Противостояние культурно-пространственной косности официального искусства объединило неофициальных художников этого периода. Персонализм и духовность стали пафосом этого противостояния. Вся окружающая социально-бытовая действительность по причине вышеуказанного противостояния оказалась отодвинутой (в отдельных случаях редуцированной и определяемой знаком неистинного бытия) от сферы чистого искусства. Это время явило образ, позу художника — провидца, стоика и жреца. Оно открыло нам весьма значительные и сильные личности в изобразительном искусстве.
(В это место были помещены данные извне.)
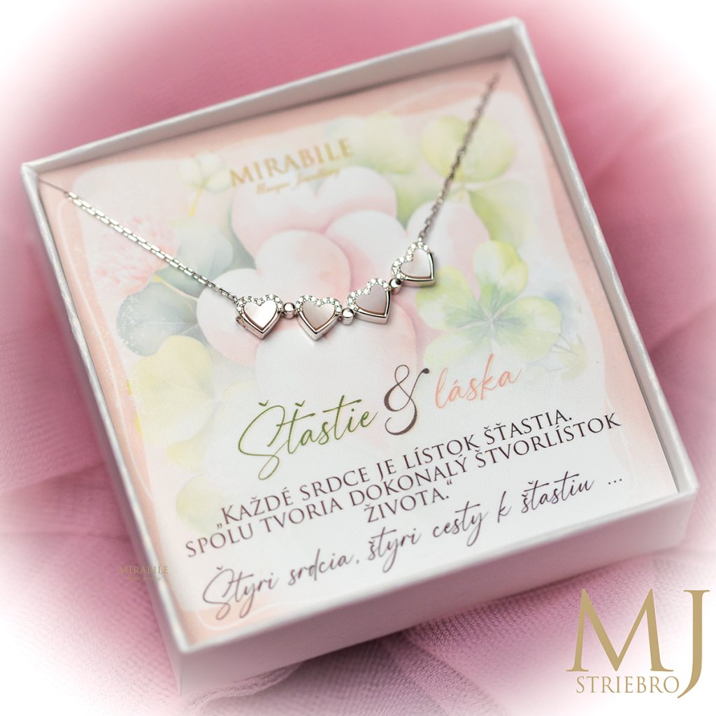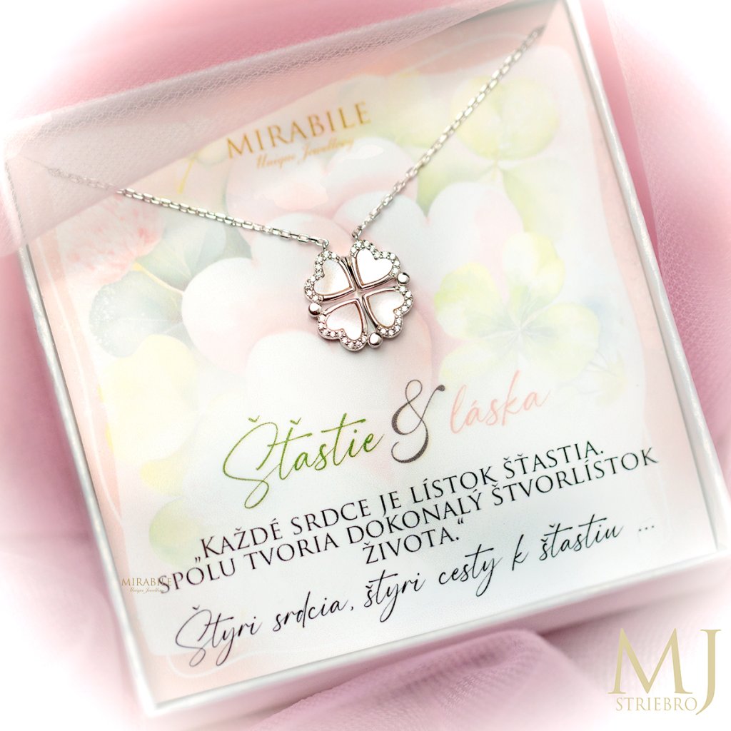 Objavte krásu jemného strieborného náhrdelníka, ktorý spája eleganciu štvorlístka a symboliku štyroch sŕdc.

Перечислить их всех невозможно, тем более что нетрудно и ошибиться, отдав предпочтение тем, кто сильнее прочих повлиял на меня (по причине ли большей известности мне лично, так как узнать что-либо в достаточной полноте в те времена было делом нелегким, или потому, что поразили меня в определенные моменты моего художественного развития). Но не могу не назвать имена Целкова, Шварцмана, Краснопевцева, Вейсберга, Немухина, Янкилевского, Яковлева, Штейнберга. Повторяю, этот список никого (даже и меня на будущее) и ни к чему не обязывает.
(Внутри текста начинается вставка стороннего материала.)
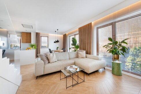 Marmurowe podłogi, drewniany parkiet, przeszklone ściany, niestandardowy projekt wnętrza, galeryjna przestrzeń to główne cechy tej niezwykłej oferty.

Начало 70-х годов ознаменовалось двумя, на мой взгляд, кардинальными моментами, определившими развитие изобразительного искусства и культурной жизни целиком вплоть до 80-х годов. Первое — это вполне естественная реакция (как всегда и происходило, происходит и, по всей вероятности, будет происходить) на предыдущий период, перенасыщенный страстью к духовности, нетленности (в большинстве случаев оборачивавшейся манипулированием знаками духовности перед лицом необходимости, объявленной законодателями мод того периода, эту духовность являть в чистом и почти экзальтированном виде) с их нашей и нынешней неспутываемой окрашенностью идеологизмом и страстью к диктату. В это же время нарастившая немного мясца культура оказалась способной впервые за долгие годы осмыслить это все и себя как культуру.
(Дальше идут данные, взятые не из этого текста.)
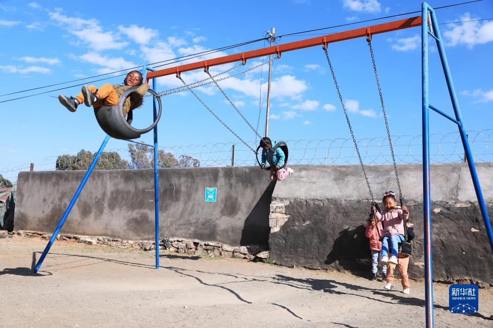 8月11日,孩子們在南非德阿鎮(zhèn)的一家兒童早教中心蕩秋千。

Во-вторых, погоня (без всякого укоряющего или пренебрежительного отношения к этому термину) за умчавшимся куда-то туда (вперед ли, просто ли умчавшимся) западным искусством, да и культурой в целом, в этот момент позволила с наименьшим (со времен 20-х годов) хронологическим отставанием обнаружить и поразиться уникальным (не только для нас, но и для самого Запада) поворотом художественного и культурного сознания от установки на прекрасную вещь (даже и безобразную, но в расширенной эстетике последнего времени квалифицируемую как «прекрасная») к чисто волевому акту художествования с параллельным, почти синхронным по времени обращением от природы естественной к природе сотворенной — в лице поп-арта.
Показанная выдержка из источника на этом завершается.